The latest edition of the Communications of the ACM had an article covering CEP from the BI perspective, written by researchers from Microsoft and HP. On Complex Event Processing they write:
The competitive pressure of today’s businesses has led to the increased need for near real-time BI. The goal of near real-time BI (also called operational BI or just-in-time BI) is to reduce the latency between when operational data is acquired and when analysis over that data is possible. … A class of systems that enables such real-time BI is Complex Event Processing (CEP) engines…
They then quickly make the mistake of assuming CEP = Event Stream Processing or ESP…
Applications define declarative queries that can contain operations over streaming data such as filtering, windowing, aggregations, unions, and joins. The arrival of events in the input stream(s) triggers processing of the query. These are referred to as “standing” or “continuous” queries …
Of course, rule-based CEP, using constructs like Event Condition Action rules, and indeed other languages / algorithms can be used to define aggregate events to support real-timeĀ BI tasks. Ooops.
There are several open technical problems in CEP; we touch upon a few of them here.
This should be interesting…
One important challenge is to handle continuous queries that reference data in the database (for example, the query references a table of customers stored in the database) without affecting near real-time requirements.
I’m pretty sure most stream processing engines provide some ability to do this (if you want to). But normally the last thing you want to do in (near) real-time business applications is waste time querying a RDBMS. Common practice is to put the data you need first into memory or a datagrid / cache, where access times are much lower.
The problem of optimizing query plans over streaming data has several open challenges. In principle, the benefit of an improved execution plan for the query is unlimited since the query executes “forever.” This opens up the possibility of more thorough optimization than is feasible in a traditional DBMS. Moreover, the ability to observe execution of operators in the execution plan over an extended period of time can be potentially valuable in identifying suboptimal plans.
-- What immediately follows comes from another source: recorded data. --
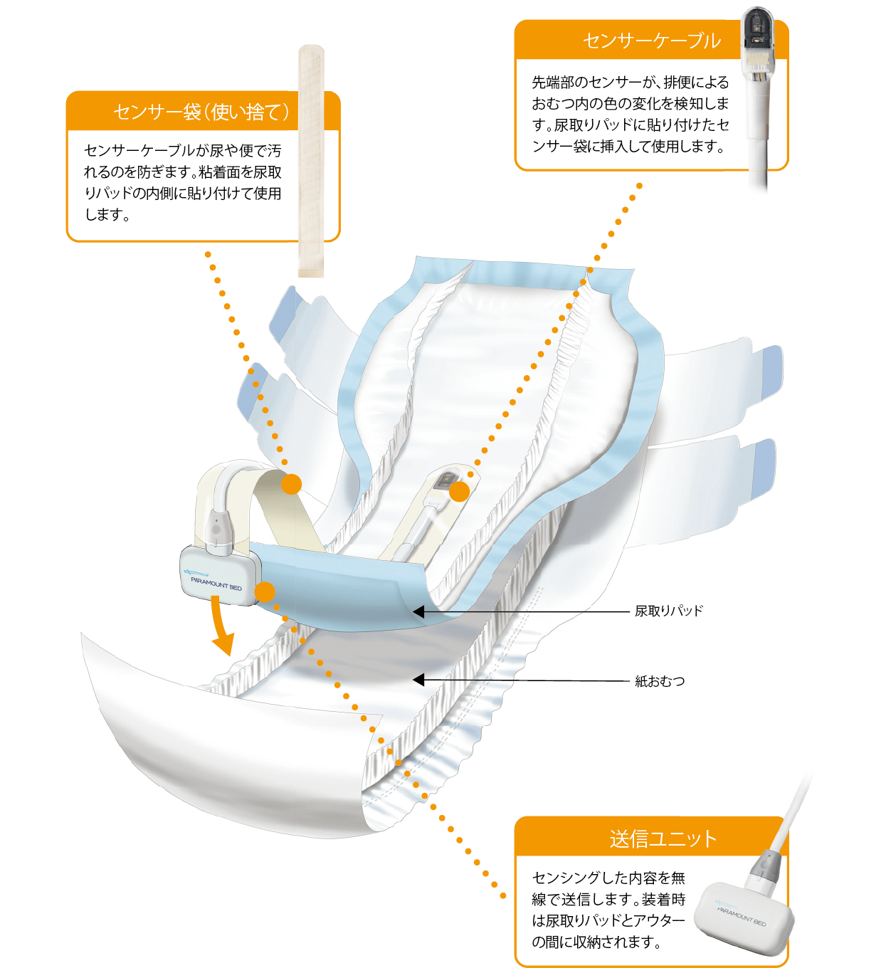 紙おむつに簡単装着。排便を検知して、スタッフに知らせます。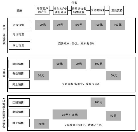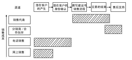 渠道整合強調(diào)在一個銷售過程中分工的不同給企業(yè)帶來更多的利潤,將銷售過程的任務(wù)一一分配給不同成本的渠道來完成。銷售過程的中間環(huán)節(jié)——面對面的銷售和交易的達成,通常需要由成本較高的區(qū)域銷售代表和分銷伙伴來完成,客戶的產(chǎn)生及身份的確認和售后服務(wù)環(huán)節(jié)通常由低成本渠道完成。現(xiàn)在,我們對照圖4來比較一下: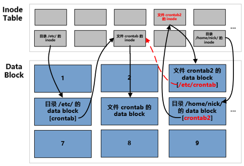 從上圖我們可以看出,軟鏈接文件 crontab2 是一個實實在在的文件,有自己的 inode 和 data block。但是它的 data block 中保存的是目標文件的地址:/etc/crontab。 像 open() 這樣的 API 能夠識別出軟鏈接,并根據(jù) data block 中的目標文件徑把操作重定向到目標文件上。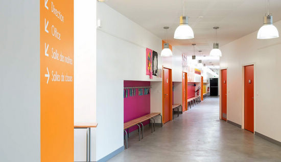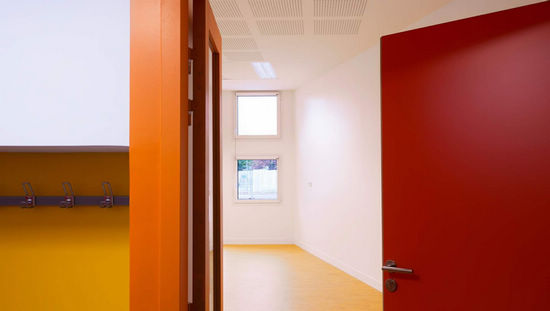 该项目满足三个要求,市政府调整学校规模,目前当地教育需求,重新定义现有的家庭中心的关系的性质和振兴与当代建筑面积。大楼建在一个单一的水平,组织围绕中央走廊凹进的,以容纳长椅和创造各种非正式的场所,儿童的壁龛。不同大小的窗口框架的多个视图的法院,天空或树梢。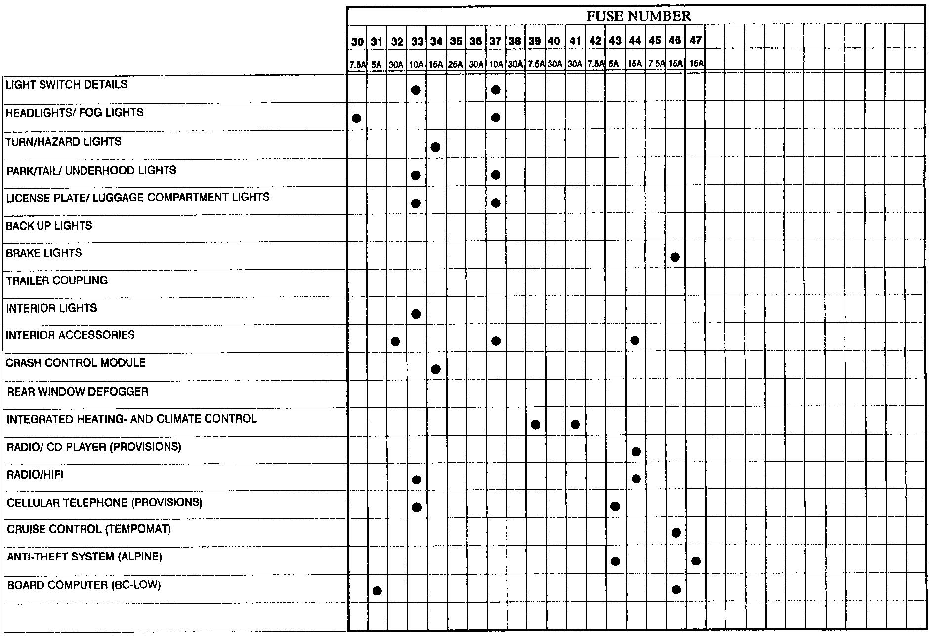 Fuse Chart: Fuses 30 To 47 (Part 2 Of 2):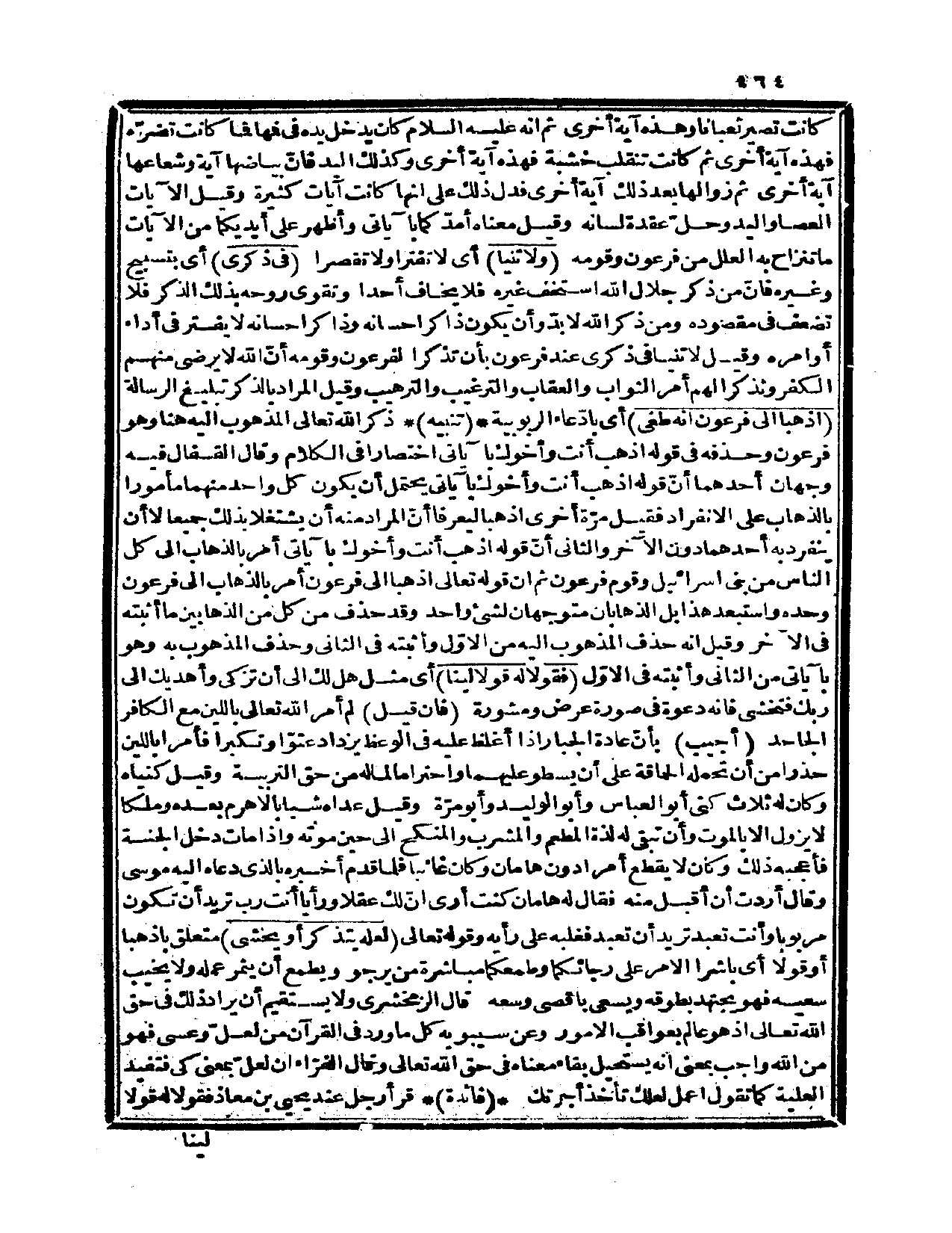 وقيل: الآيات العصا واليد وحلّ عقدة لسانه وقيل: معناه أمدّكما بآياتي وأظهر على أيديكما من الآيات ما تنزاح به العلل من فرعون وقومه {ولاتنيا} أي: لا تفترا ولا تقصرا {في ذكري} أي: بتسبيح وغيره فإنّ من ذكر جلال الله استخف غيره فلا يخاف أحداً وتقوى روحه بذلك الذكر فلا تضعف في مقصوده، ومن ذكر الله لا بدّ وأن يكون ذاكر إحسانه، وذاكر إحسانه لا يفتر في أداء أوامره وقيل: لاتنيا في ذكرى عند فرعون بأن تذكرا لفرعون وقومه أنّ الله لا يرضى منهم الكفر وتذكرا لهم أمر الثواب والعقاب والترغيب والترهيب وقيل: المراد بالذكر تبليغ الرسالة

Again, I’m pretty sure all the main CEP technology provides have optimised CEP engines – for example TIBCO uses a high-performance version of the Rete algorithm. I’m pretty sure Microsoft’s stream processing engine has optimizations too!
Finally, the increasing importance of real-time analytics implies that many traditional data mining techniques may need to be revisited in the context of streaming data. For example, algorithms that require multiple passes over the data are no longer feasible for streaming data.
This is actually an issue for the analytics guys: continuous analytics do indeed imply computing statistical models an event-at-a-time rather than “all at once against some vast data store”. The good news is that the analytics world has been doing some of this for some time, in order to accomodate complex processing of large data sets by batching and recombining data as it is processed.
The BI Overview also mentions several other “BI technology” aspects that are also often combined in CEP solutions: in-memory, distributed (map reduce a.k.a. “divide and conquer”), and analytics. So although it wasn’t emphasised in this paper, it seems the interesting development here is a certain amount of convergence in using these technologies together!